■ WORK TASK:
Begin at the line below that holds "Carlos Edriel Yulo" and end at the line that holds "Robe longue, col", transcribing each line exactly and skipping any picture.

Stored data:
· · ·

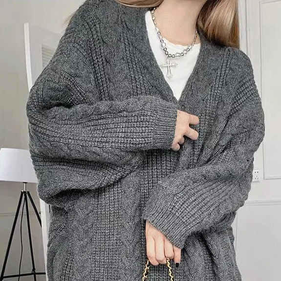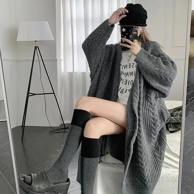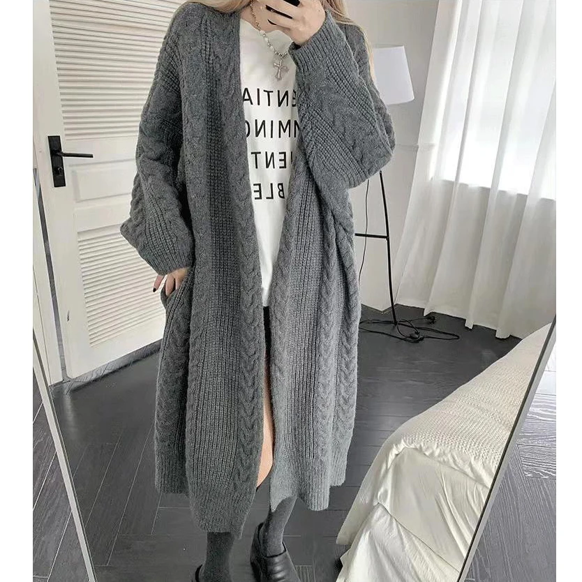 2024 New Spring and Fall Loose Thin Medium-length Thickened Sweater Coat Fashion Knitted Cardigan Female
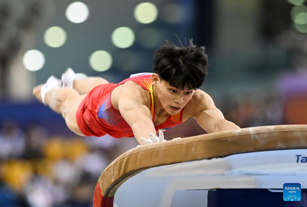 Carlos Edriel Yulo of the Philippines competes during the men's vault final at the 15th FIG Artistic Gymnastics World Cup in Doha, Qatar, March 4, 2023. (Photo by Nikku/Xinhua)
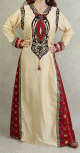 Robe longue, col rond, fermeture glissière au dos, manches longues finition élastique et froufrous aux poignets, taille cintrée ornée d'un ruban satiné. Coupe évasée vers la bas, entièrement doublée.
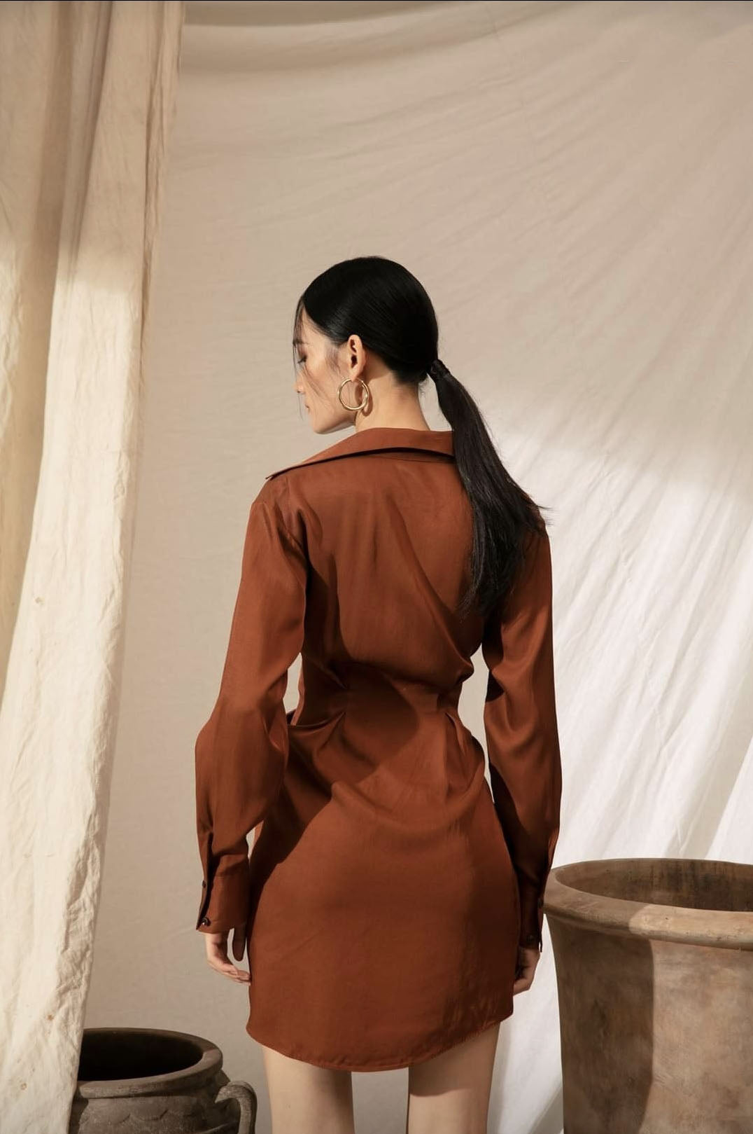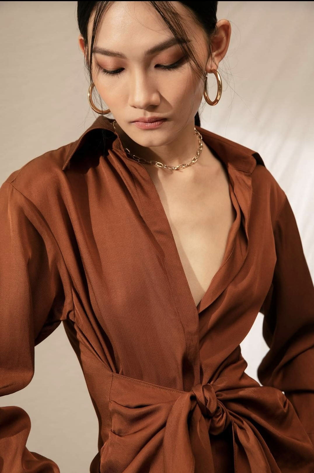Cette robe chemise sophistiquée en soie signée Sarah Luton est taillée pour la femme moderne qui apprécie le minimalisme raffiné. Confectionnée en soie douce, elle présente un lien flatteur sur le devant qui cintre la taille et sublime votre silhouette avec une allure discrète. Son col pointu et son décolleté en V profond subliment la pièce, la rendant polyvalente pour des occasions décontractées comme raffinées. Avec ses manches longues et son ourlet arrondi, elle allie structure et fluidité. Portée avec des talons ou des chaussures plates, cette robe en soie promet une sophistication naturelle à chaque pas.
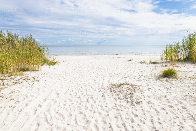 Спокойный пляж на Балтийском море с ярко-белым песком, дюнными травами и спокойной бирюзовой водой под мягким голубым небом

· · ·

■ EXPECTED ANSWER:
 Carlos Edriel Yulo of the Philippines competes during the men's vault final at the 15th FIG Artistic Gymnastics World Cup in Doha, Qatar, March 4, 2023. (Photo by Nikku/Xinhua)
 Robe longue, col rond, fermeture glissière au dos, manches longues finition élastique et froufrous aux poignets, taille cintrée ornée d'un ruban satiné. Coupe évasée vers la bas, entièrement doublée.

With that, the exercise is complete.